Materials and Methods

Study population

This cross-sectional study was conducted on blood donation volunteers referred to the blood transfusion centers of Babol county, North Iran, between July to December 2018. A total of 491 blood samples were collected from blood donors with no history of HBV, HCV, HIV, and chronic liver diseases. Donors' information, including social and demographic data (gender, age, urban/rural residence status, education, and marital status) was collected by a standardized questionnaire for analysis. This study was accepted by the ethical committee of Babol University of Medical Science, and written informed consent was obtained from all subjects (Ethics Committee code: IR.MUBABOL.REC.1397.044)

Laboratory Analysis

Blood samples (5 mL) were collected from the participants and centrifuged. The separated serum was stored at -20°C until further laboratory analysis. Commercial enzyme-linked immunosorbent assay kits (DIAPRO, Diagnostic Bioprobes, Milano, Italy) were used to detect anti-HAV and anti-HEV IgG antibodies in the serum samples, according to the manufacturer's instructions. For the anti-HAV IgG ELISA kit, the detection limit and sensitivity were <0.01 IU/mL and 0.15 IU/mL, respectively. For the anti-HEV IgG ELISA kit, these values were <0.1 IU/mL and 0.25 IU/mL, respectively.

Statistical Analysis

The SPSS software v. 16.0 (IBM, Chicago, IL, USA) was used for the statistical analysis. The anti-HAV/HEV seroprevalence in the stated stratification factors was analyzed using the Chi-square test. The P-values less than 0.05 were considered statistically significant.

Results

The demographic data and seroprevalence of HAV and HEV of the study participants were shown in Table 1. Of the 491 blood donors, 385 (78.4%) and 8 (1.6%) were positive for anti-HAV IgG and anti-HEV IgG, respectively. The overall mean age of blood donors was 40.92 ± 9.86 years, with a range of 19-61 years. Also, the mean ages of positive anti-HEV and anti-HAV antibodies were 49.13 ± 11.43 and 43.35 ± 8.92 years, respectively. Besides, there was a strong inverse statistical association between the marital status and anti-HAV positivity (P<0.0001). Our data showed higher HAV incidence in urban regions (P=0.29) and among the participants with education level less than high school diploma (P=0.01). Also, the rate of anti-HAV seropositivity among the age groups of 19-33, 34-41, 42-48, and older than 49 years, increased gradually (from 48.9% in the youngest age group to 96.7% in the oldest group of blood donors) (P<0.0001) (Figure 1). The co-seropositivity of HAV and HEV was observed in 5 (1%) blood donors. All the co-seropositive cases were male, but there was no statistical association (P>0.05). A significant correlation was observed between the academic levels of education compared to the high school diploma [OR= 0.47 (0.28 – 0.80; P=0.005)] (Table 2).

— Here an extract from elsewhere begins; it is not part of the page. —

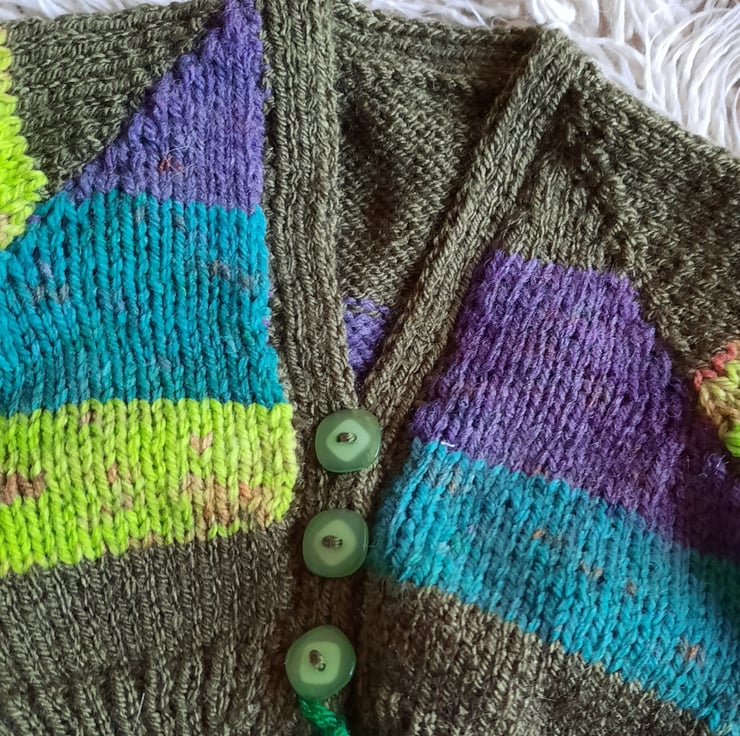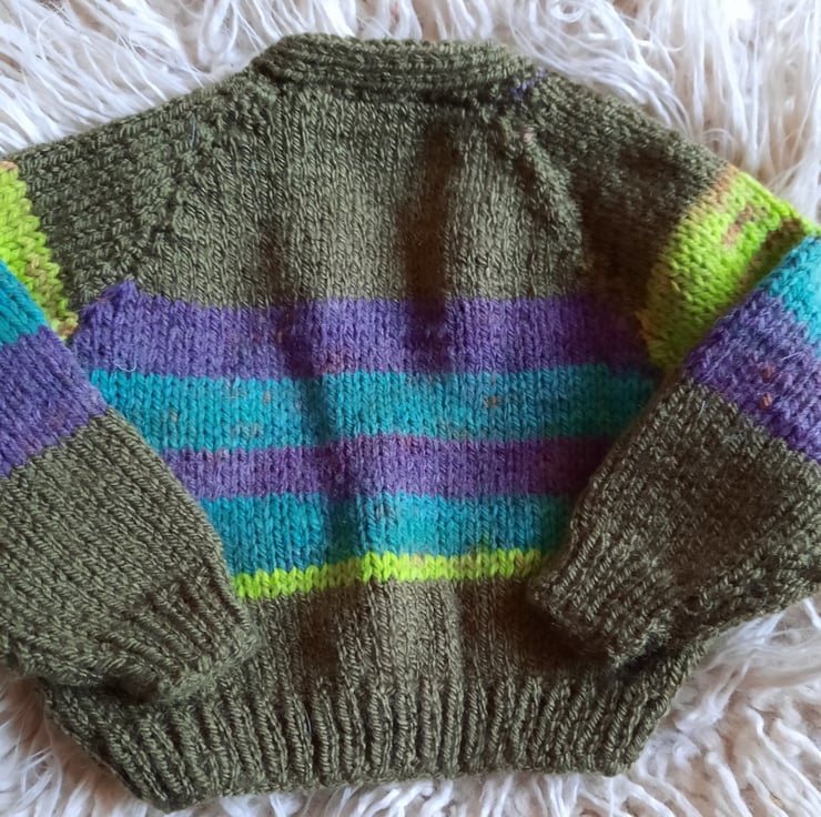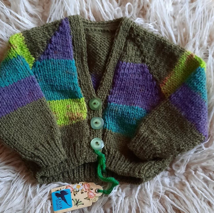 A beautiful blend of countryside colours for this cute little hand knitted cardigan. To fit newborn to 3 months with a 16inch chest, back length 8 inches and sleeve length 5.5 inches. Blends of moss green, leaf green and dark purple make a very stylish little cardigan which fastens with 3 shiny green buttons. I have used soft snuggly yarn in 75% acrylic and 25% wool for easy care wash at 30 degrees centigrade.

Table 1. Characteristics of blood donors between positive and negative anti-HAV and anti-HEV seroprevalence.

	All (n=491)	Anti-HAV n (%)		P	Anti-HEV n (%)		P
	All (n=491)	positive (n=385)	Negative (n=106)	P	positive (n=8)	Negative (n=483)	P
Gender
Male	471	371 (78.8)	100 (21.1)	0.35	8 (1.7)	463 (98.3)	0.55
Female	20	14 (70)	6 (30)	0.35	0 (0.0)	20 (100)	0.55
Age
19–33	131	64 (48.9)	67 (51.1)	<0.001	1 (0.8)	130 (99.2)	0.16
34–41	128	103 (80.5)	25 (19.5)		0 (0.0)	128 (100)
42–48	112	102 (91.1)	10 (8.9)		2 (1.8)	110 (98.2)
49≤	120	116 (96.7)	4 (3.3)		5 (4.2)	115 (95.8)
Marital Status
Single	44	15 (34.1)	29 (65.9)	<0.001	1 (2.3)	43 (97.7)	0.72
Married	447	370 (82.8)	77 (17.2)	<0.001	7 (1.6)	440 (98.4)	0.72
Place of Residence
Urban	339	275 (81.1)	64 (18.9)	0.29	6 (1.8)	333 (98.2)	0.71
Rural	152	110 (72.4)	42 (27.6)	0.29	2 (1.3)	150 (98.7)	0.71
Educational Level
Less than high school diploma	212	177 (83.5)	35 (16.5)	0.01	4 (1.9)	208 (98.1)	0.51
high school diploma	150	117 (78)	33 (22)		1 (0.7)	149 (99.3)
University level	129	91 (70.5)	38 (29.5)		3 (2.3)	126 (97.7)

Table 2. Comparison of Demographic characteristics of blood donors between Positive and Negative anti-HAV.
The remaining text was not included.